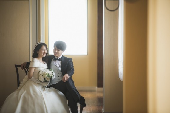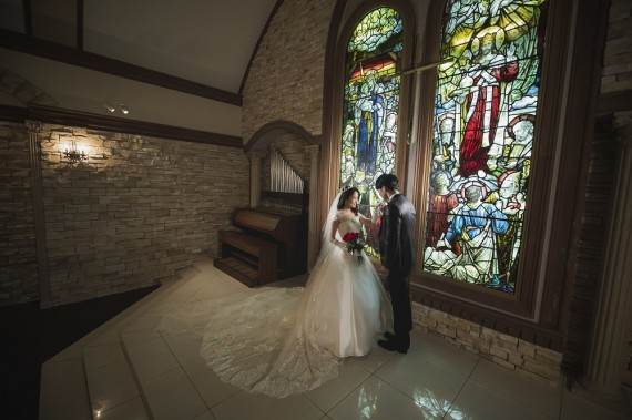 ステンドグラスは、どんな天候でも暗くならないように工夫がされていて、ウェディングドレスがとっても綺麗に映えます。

* * *

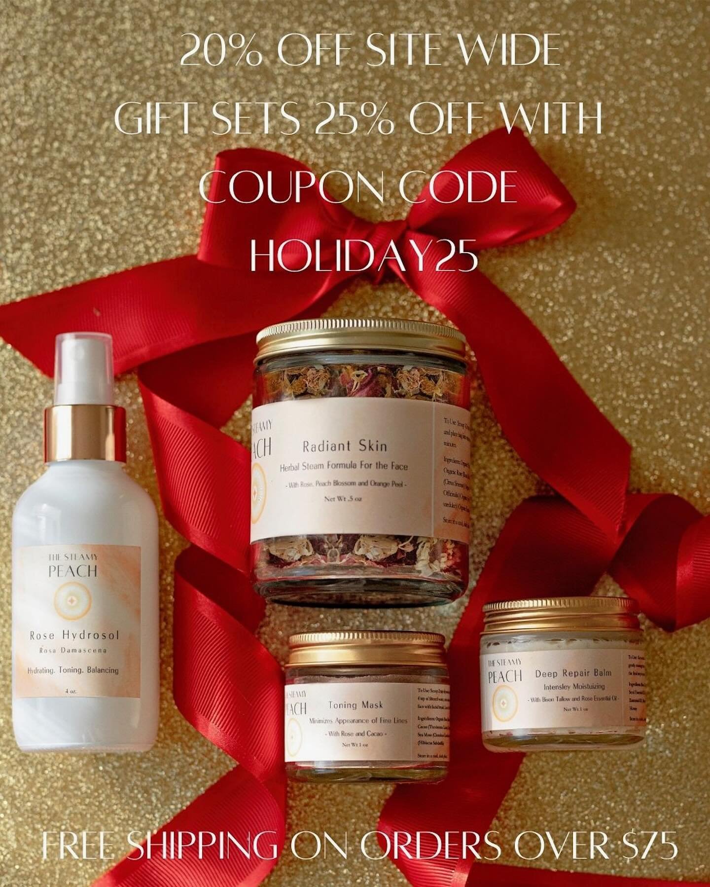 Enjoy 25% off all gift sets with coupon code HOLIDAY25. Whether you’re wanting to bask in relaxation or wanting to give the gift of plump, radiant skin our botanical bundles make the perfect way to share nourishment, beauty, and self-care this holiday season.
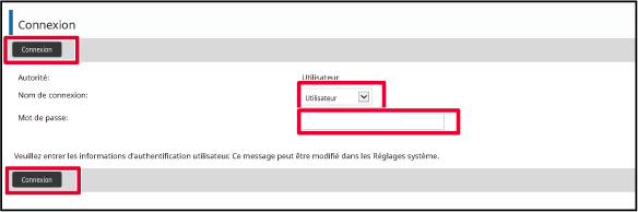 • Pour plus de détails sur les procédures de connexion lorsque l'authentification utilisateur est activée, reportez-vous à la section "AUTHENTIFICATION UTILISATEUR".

* * *

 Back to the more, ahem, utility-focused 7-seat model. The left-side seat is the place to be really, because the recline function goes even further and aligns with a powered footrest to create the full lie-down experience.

Your goal:
From the records above, quote word for word only the lines beginning at the line that has "Enjoy 25% off" and stopping after the line that has "Pour plus de". Omit the pictures.

Answer below:
 Enjoy 25% off all gift sets with coupon code HOLIDAY25. Whether you’re wanting to bask in relaxation or wanting to give the gift of plump, radiant skin our botanical bundles make the perfect way to share nourishment, beauty, and self-care this holiday season.
 • Pour plus de détails sur les procédures de connexion lorsque l'authentification utilisateur est activée, reportez-vous à la section "AUTHENTIFICATION UTILISATEUR".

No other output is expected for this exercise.